The crust is very prominent, a lovely golden brown colour, slightly flaky but crisp to cut into. I get some scissors to cut out the foil tray, as it doesn’t seem to be dis-lodging but I manage to keep it intact and out on to the plate and it is well baked and perfectly formed.
I open her up and find a good inch and a bit of prime steak packed into there. Any worried about dryness quickly fade away, as there is a pleasant layer of gravy type jelly (or jelly type gravy) surrounding it’s interior. The cutlery is out on the plate but it isn’t required, as this pie holds together well and can be eaten by hand. The large chunks of steak are exceeding juicy and tender, and I find myself salivating with each bite.

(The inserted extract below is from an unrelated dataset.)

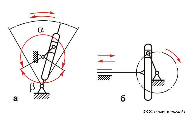 Кривошипно-кулисный механизм: а — с качающейся кулисой; б — с поступательно-движущейся кулисой (в приводе движения резания строгальных станков, α/β равно отношению времени прямого хода к времени обратного хода).

There is a bit of airspace at the top but this isn’t at the expense of content, it merely gives the meat a bit of air to breathe. It doesn’t feel overwhelmingly boozy, so I’m not really picking out the ale, but the gravy is sweet and wraps around the earthy finish of the beef.
Overall, a very decent portion size, which would satisfy most appetites. Me, I still want more because it was so good. Then again, I can always have a slice of Bakewell Tart for afters instead.
Review date: 1st February 2022
Price: £2.75 for a Steak & Ale Pie (I think!)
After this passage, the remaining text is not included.